Environmental catalyst technologies take their roots in air pollution problems from gasoline fueled passenger cars. Gasoline car emissions were primary targets of early air pollution legislation, dating back to 1970s and 1980s. In the USA, federal emission regulations are based on four acts: the Clean Air Act (CAA) of 1967, the CAA of 1970, and its two amendments adopted in 1977 and in 1990 [406].

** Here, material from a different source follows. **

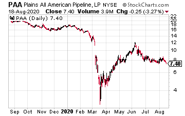 Also, in April, crude oil pipeline company Plains All American Pipelines LP (PAA) reduced distributions by 50%, down to $0.18 per share. For the 2020 second quarter, Plains reported distributable cash flow (DCF) of $0.41 per share, down from $0.73 for the 2019 second quarter.
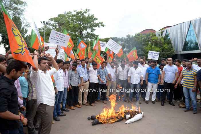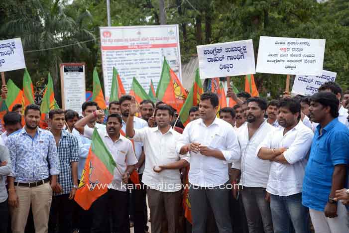 ಪ್ರತಿಭಟನೆ ಸಂದರ್ಭ ರಾಹುಲ್ಗಾಂಧಿ ವಿರುದ್ಧ ಘೋಷಣೆ ಕೂಗಿದ ಯುವ ಮೋರ್ಚಾ ಕಾರ್ಯಕರ್ತರು ಬಳಿಕ ರಾಹುಲ್ ಗಾಂಧಿಯ ಪ್ರತಿಕೃತಿಗೆ ಬೆಂಕಿ ಹಚ್ಚುವ ಮೂಲಕ ತಮ್ಮ ಆಕ್ರೋಷವನ್ನು ವ್ಯಕ್ತಪಡಿಸಿದರು.

Following the adoption of the CAA and the resulting vehicle emission standards, oxidation catalysts have been commercialized in the USA in the mid-1970s—with the first commercial application in model year 1975 cars—to control emissions of CO and HC from spark ignited (SI) gasoline engine applications. Three-way catalyst technology, introduced in the 1980s, made it also possible to control NOx emissions from SI engines. The first diesel oxidation catalysts have been introduced to diesel fueled cars in Europe and to some heavy-duty diesel engines in the USA in the 1990s. Within the following decade, diesel emission aftertreatment systems became more complex—additional catalysts have been incorporated, including NOx reduction catalysts such as selective catalytic reduction (SCR) catalysts and NOx adsorber catalysts, as well as catalytic particulate filters. Since as early as the 1970s, diesel catalysts have also been used in some occupational environments, such as underground mining. Most catalysts in the above applications (except for SCR catalysts) use noble, platinum group metals as their active components [5421].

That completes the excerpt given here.